But a female James Bond? What are they going to call her? Jamie Bond? Jane Bond? Janet? June? Jill? Jasmine? Jenny? Joan? Jessica? Josephine?

The actress they have in mind, Lashana Lynch, (last seen in Captain Marvel as Danvers’ best friend Maria Rambeau), seems a perfectly good candidate for an action adventure movie, having acquitted herself with satisfaction in the Marvel Universe so far. It would be interesting to see her in an Atomic Blonde-type movie, for example.

BUT!!! When the vast majority of the attraction of the Bond movies, for the vast majority of the demographic audience, is the bevy of beauties who follow, surround, bed and attempt to kill 007, if you have a female Bond, how is that going to work?

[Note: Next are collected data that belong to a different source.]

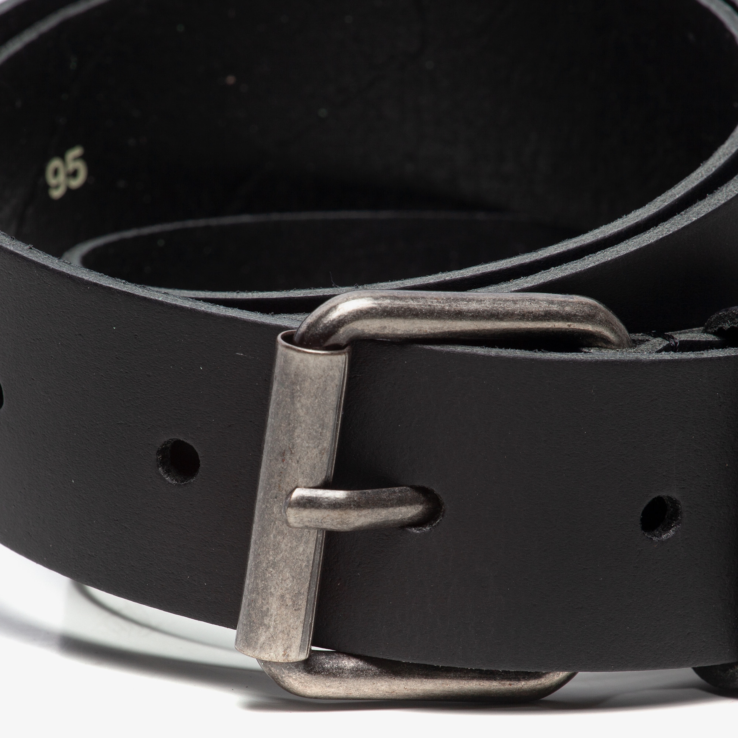 Zwarte leren riem voor heren. Voorzien van een zilverkleurige gesp. De hoogte van de riem is 37 milimeter. De riem is gemaakt van leer.
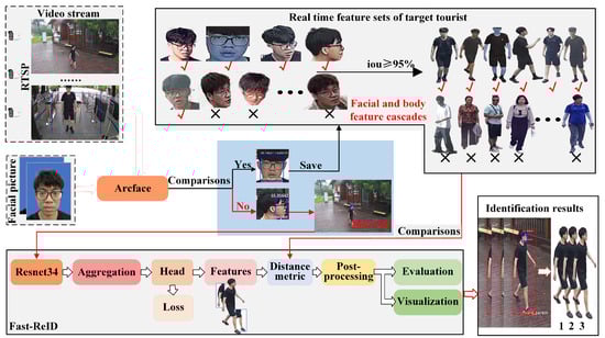 Initially, the video stream is processed frame by frame. Arcface is utilized to extract facial images from the target tourists and to compare them with the video frames. Successful matches are incorporated into a special collection to enhance the facial features. Conversely, video frames that do not achieve successful identification are resized to 256 × 128 pixels before being processed by Resnet34 for feature extraction. And then, the aggregation module combines the features generated by the backbone network into a global feature representation, which is then forwarded to the Head module for normalization and dimensionality reduction. The processed features enter the distance metric stage, where they are compared with the target features in the feature set. At this stage, body features replace facial features to identify, thereby accomplishing the coupling from face to body. Local feature matching is performed using the Deep Spatial Reconstruction (DSR) method, which generates more detailed local features. The results are refined through two reordering techniques, K-reciprocal and Query Expansion (QE), to further enhance accuracy. Finally, the results are evaluated and visualized, completing the re-identification process of the target tourists across multiple cameras. The frames captured before and after identification are also stored to augment the database of target appearance features.
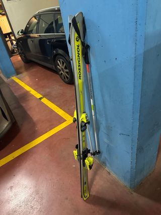 Esquís de la marca Rossignol. - Fijaciones de color amarillo. - Diseño deportivo. - 1.55 cm de altura.
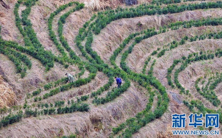 村民在茶葉基地除草。新華網(wǎng)發(fā) 鄧龍華攝
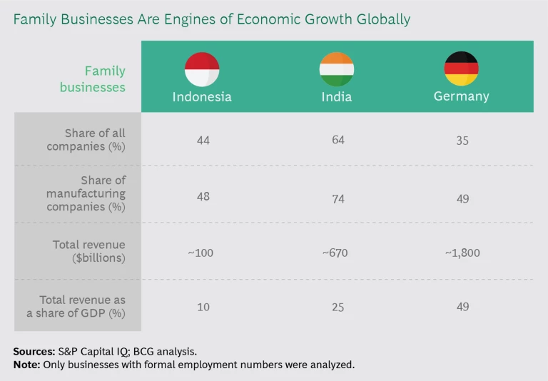 The role that family businesses play in advancing economic growth is hard to overstate. (See “An Economic Bedrock Through the Ages.”) In many major economies, family-owned businesses account for a significant share of all companies. Our analysis of Indonesia, India, and Germany found that family businesses represent 48% to 74% of all manufacturing companies. (See the exhibit.) They also create millions of jobs through direct employment and millions more indirectly. And they inject significant revenue flows into these economies. In Indonesia, family-run businesses generate more than $100 billion (roughly 10% of GDP). In India, that figure climbs to nearly $670 billion (about 25% of GDP). And in Germany, family businesses contribute a massive $1.8 trillion in revenue (approximately 49% of the country’s GDP).
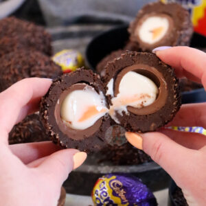 Delicious showstopping Creme Egg scotch eggs with a Creme Egg wrapped in homemade chocolate brownie and sprinkles!
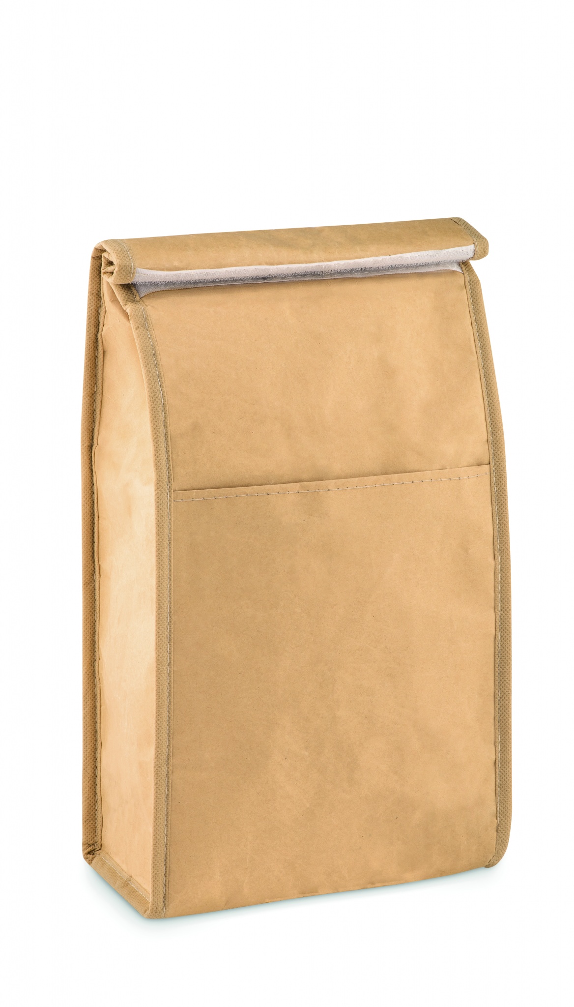 Kootud paberist kootud külmakott esitaskuga. Isolatsioonimaterjal: PE vahtkiht. Mahutavus 3L.
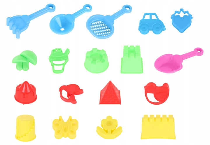✅Zestaw zawiera 14 foremek, grabki, sito, łopatkę i lejek
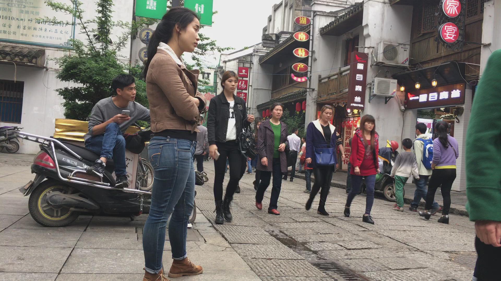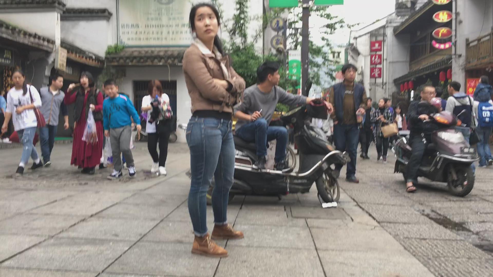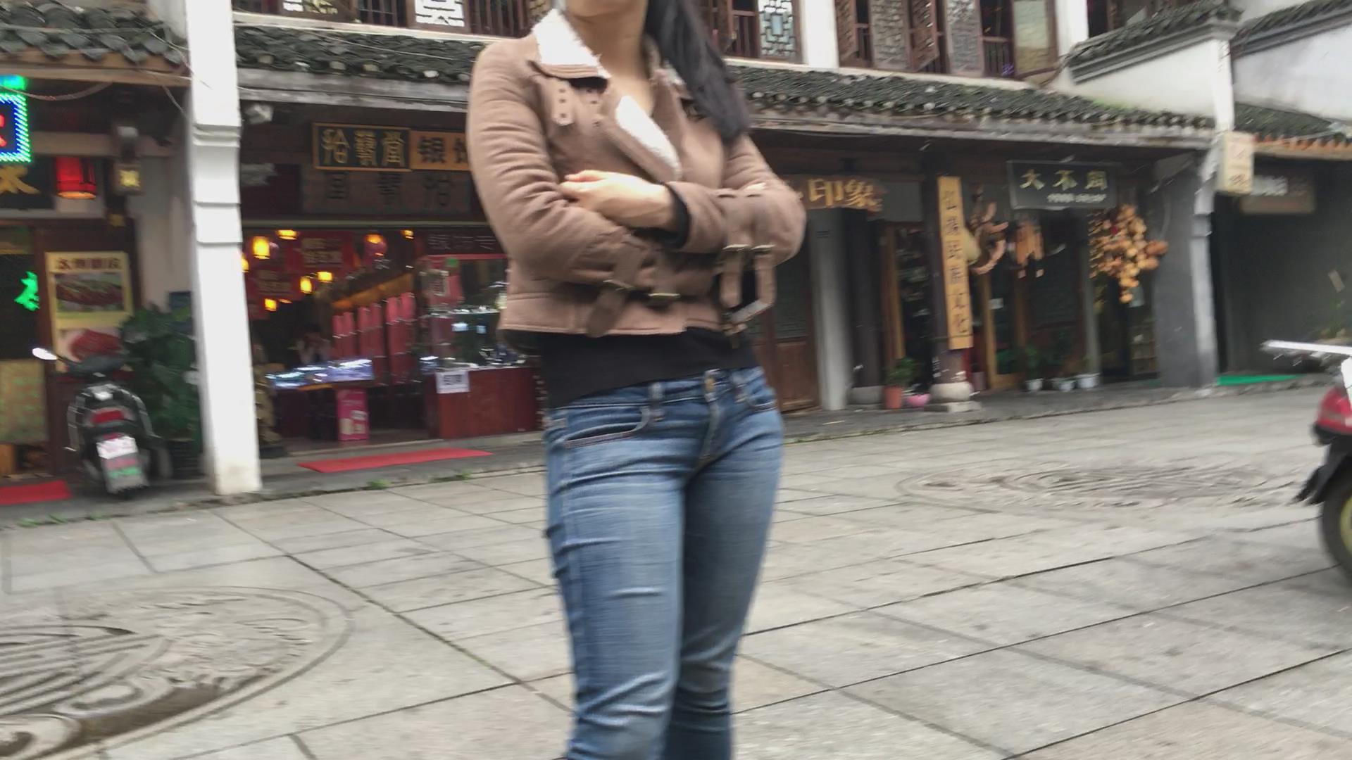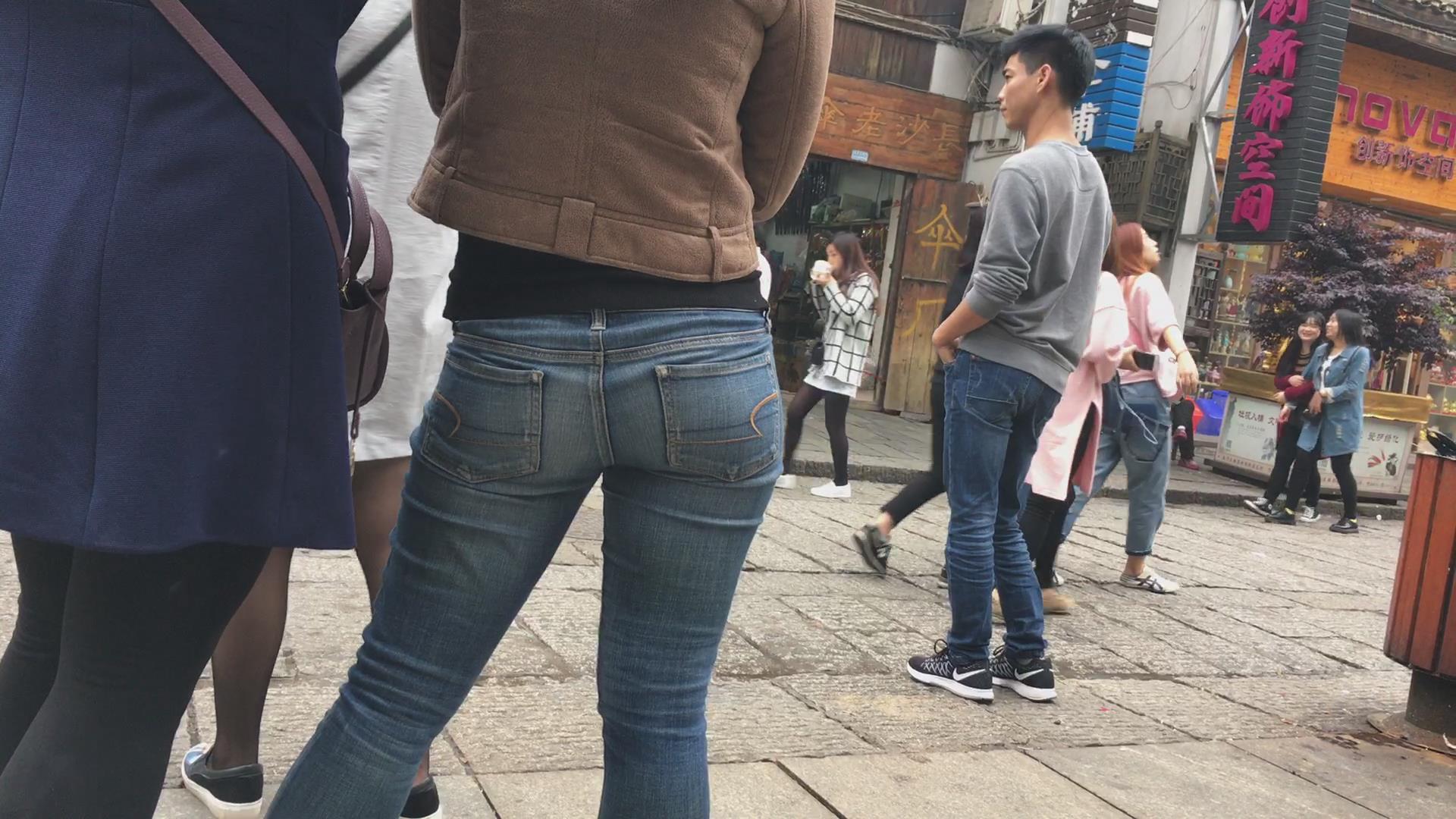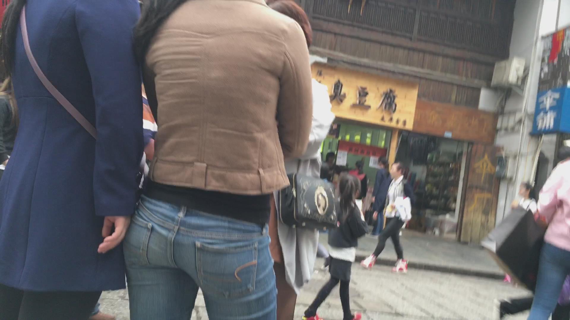 街拍饱满丰臀紧身牛仔裤妹子 编号5579

If she’s a lesbian, that’s going to attract an entirely different primary demographic than has been following the Bond franchise for 70 years. In short, the Bond franchise would be starting all over from Square One. And given the money invested in this franchise, I don’t know that that’s a risk they’re willing to take. So assuming she is presented as either hetero or asexual, what will be the excuse for all the women who are an integral, if not in some cases, the sole reason some people have for going to see the movie?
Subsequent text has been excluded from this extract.